#### WHAT TO WORK ON
Reproduce, without alteration, every line of the data; exclude the images.

#### DATA BELOW

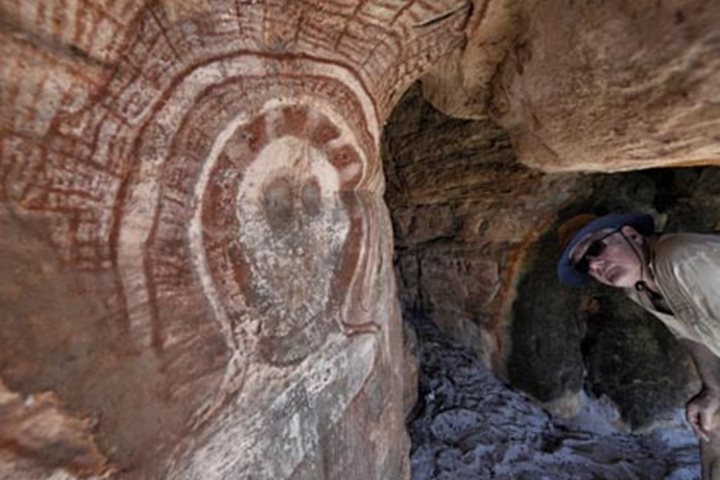 What an uplifting and stunning day at The Kimberley coast. Today we had the opportunity to visit Bigge Island, a place of significance for the Aboriginal culture and rock art. This rugged island holds many mysteries and secrets and also many unanswered questions. This is where we can contemplate the intriguing Wandjina style of rock art. We were able to see a representation of the Kaiara, or Sea Wandjina, a very powerful mystical entity for the aboriginal culture of this region. Wandjinas are considered to be the creators of human descendants, the seas, the land and laws, and are still able to exert their powers. The Wandjinas are intrinsically linked to the mythological life, social organization and seasonal movements of Indigenous Kimberley people. This particular Kaiara was exceptionally large in size, painted with red ocher and grooved eyes that seemed to watch every move in this important ceremonial and meeting ground. With its distinctive halo headdress representing the monsoon cumulous clouds, Kaiara is able to wield destructive power, controlling floods, cyclones and lightning. This site is also home to some controversial rock art. What makes these paintings so fascinating is the depiction of sailing ships and a man with European features who appears to be smoking pipes and sitting on small row boats. There is an ongoing debate about these notorious paintings, as no one knows for sure, who are the visitors and where did they come from. It has been suggested they could be Dutch sailors and others have suggested the images depict the arrival of Chinese ships. Or maybe they could be related to Macassans? This is a mystery still to be solved. After a delicious lunch savored on deck, it was time to head to another mysterious tour! This time we boarded our Zodiacs without knowing our destination… and what a delightful surprise! The expedition and hotel management team were waiting for us in a spectacular hidden tidal cave! Surrounded by turquoise waters, hidden in a little bay and protected from the wind, the cave performs as an amazing amphitheater with perfect acoustic conditions. With the guitar and cocktails in hand, we all sang songs that lifted our spirits, while enjoying our appetizing refreshments. What a way to end our gorgeous day in the unique and special Kimberley coast!
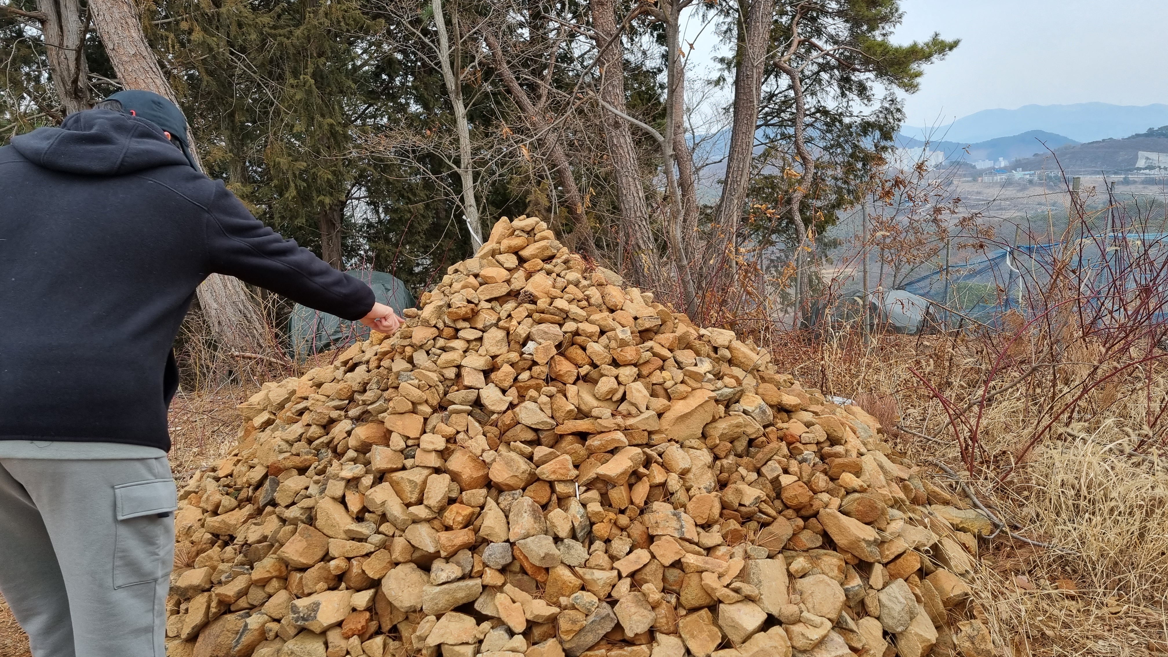 소원을 비는 돌탑이 있어 돌을 몇 개 올려놓고 가는데 시골 밭도 나오고 비닐하우스도 나오네요.
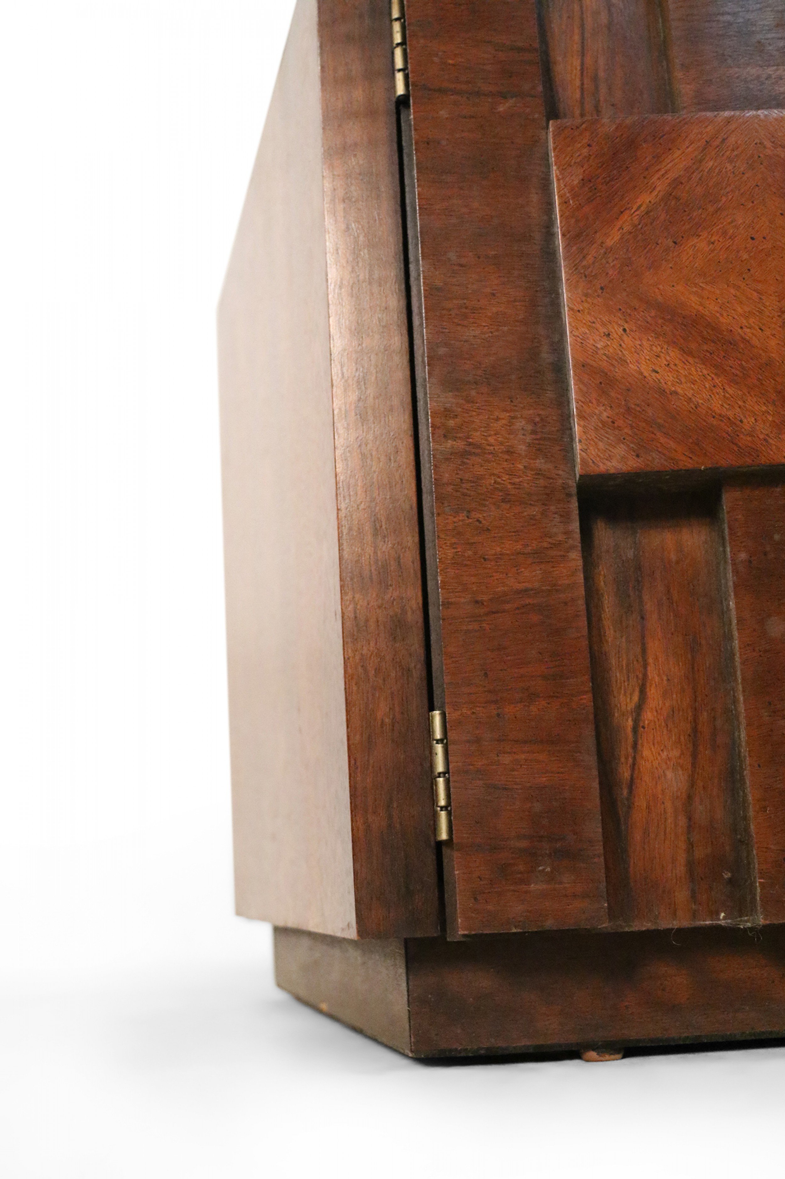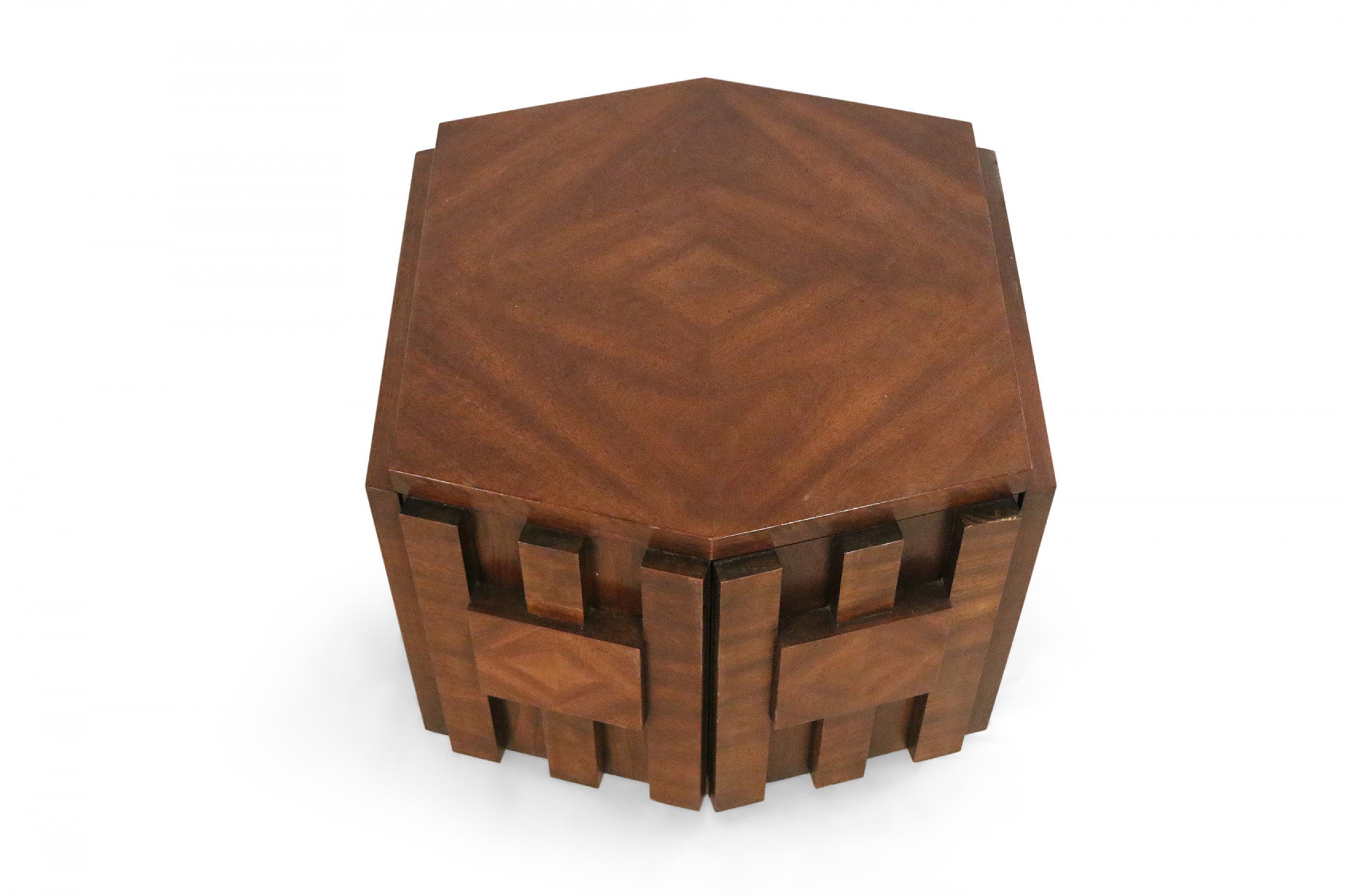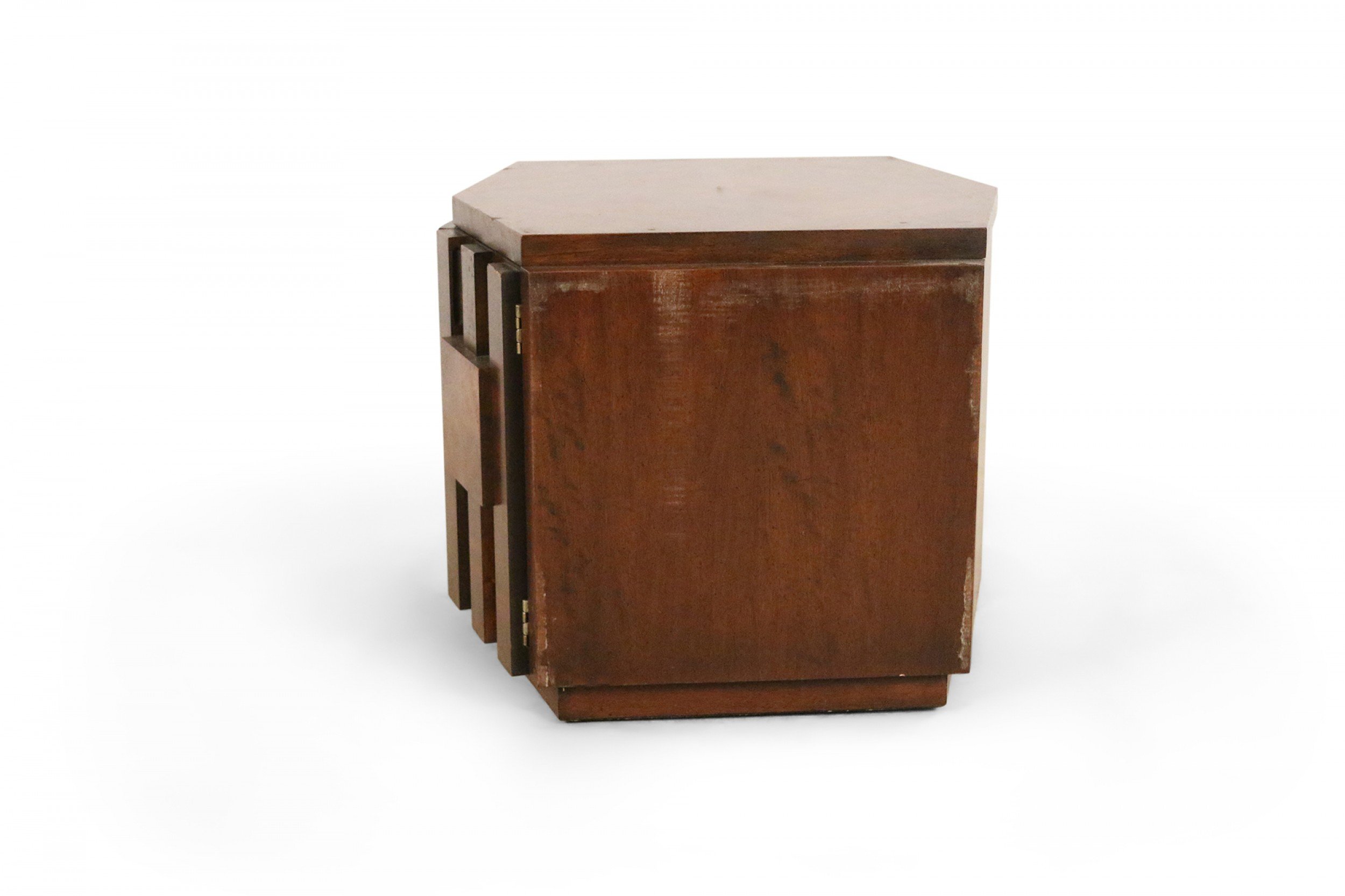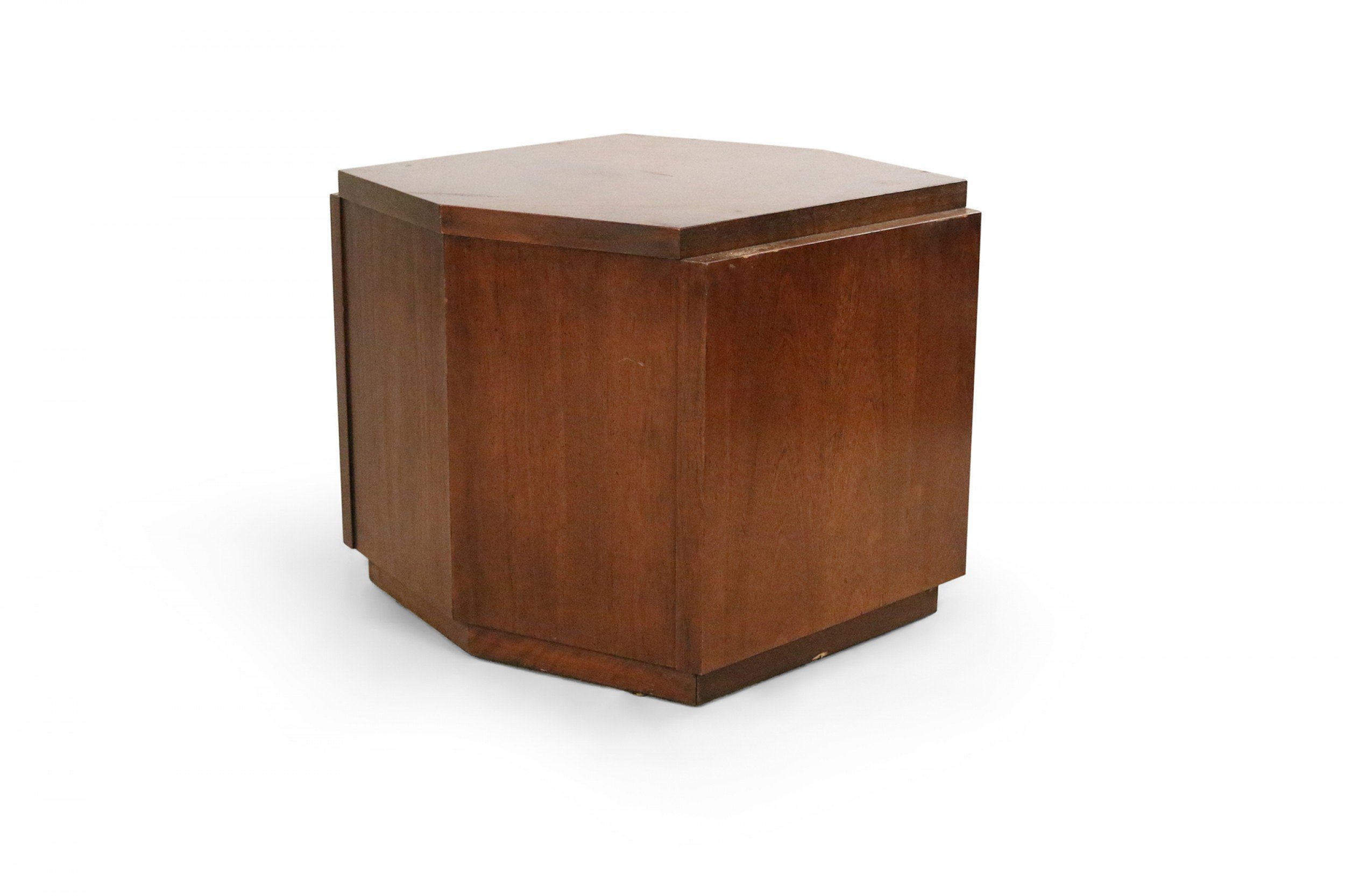 Lane Mid-Century Walnut Hexagonal Side Top Table Cabinet

#### ANSWER TO THE PROBLEM
 What an uplifting and stunning day at The Kimberley coast. Today we had the opportunity to visit Bigge Island, a place of significance for the Aboriginal culture and rock art. This rugged island holds many mysteries and secrets and also many unanswered questions. This is where we can contemplate the intriguing Wandjina style of rock art. We were able to see a representation of the Kaiara, or Sea Wandjina, a very powerful mystical entity for the aboriginal culture of this region. Wandjinas are considered to be the creators of human descendants, the seas, the land and laws, and are still able to exert their powers. The Wandjinas are intrinsically linked to the mythological life, social organization and seasonal movements of Indigenous Kimberley people. This particular Kaiara was exceptionally large in size, painted with red ocher and grooved eyes that seemed to watch every move in this important ceremonial and meeting ground. With its distinctive halo headdress representing the monsoon cumulous clouds, Kaiara is able to wield destructive power, controlling floods, cyclones and lightning. This site is also home to some controversial rock art. What makes these paintings so fascinating is the depiction of sailing ships and a man with European features who appears to be smoking pipes and sitting on small row boats. There is an ongoing debate about these notorious paintings, as no one knows for sure, who are the visitors and where did they come from. It has been suggested they could be Dutch sailors and others have suggested the images depict the arrival of Chinese ships. Or maybe they could be related to Macassans? This is a mystery still to be solved. After a delicious lunch savored on deck, it was time to head to another mysterious tour! This time we boarded our Zodiacs without knowing our destination… and what a delightful surprise! The expedition and hotel management team were waiting for us in a spectacular hidden tidal cave! Surrounded by turquoise waters, hidden in a little bay and protected from the wind, the cave performs as an amazing amphitheater with perfect acoustic conditions. With the guitar and cocktails in hand, we all sang songs that lifted our spirits, while enjoying our appetizing refreshments. What a way to end our gorgeous day in the unique and special Kimberley coast!
 소원을 비는 돌탑이 있어 돌을 몇 개 올려놓고 가는데 시골 밭도 나오고 비닐하우스도 나오네요.
 Lane Mid-Century Walnut Hexagonal Side Top Table Cabinet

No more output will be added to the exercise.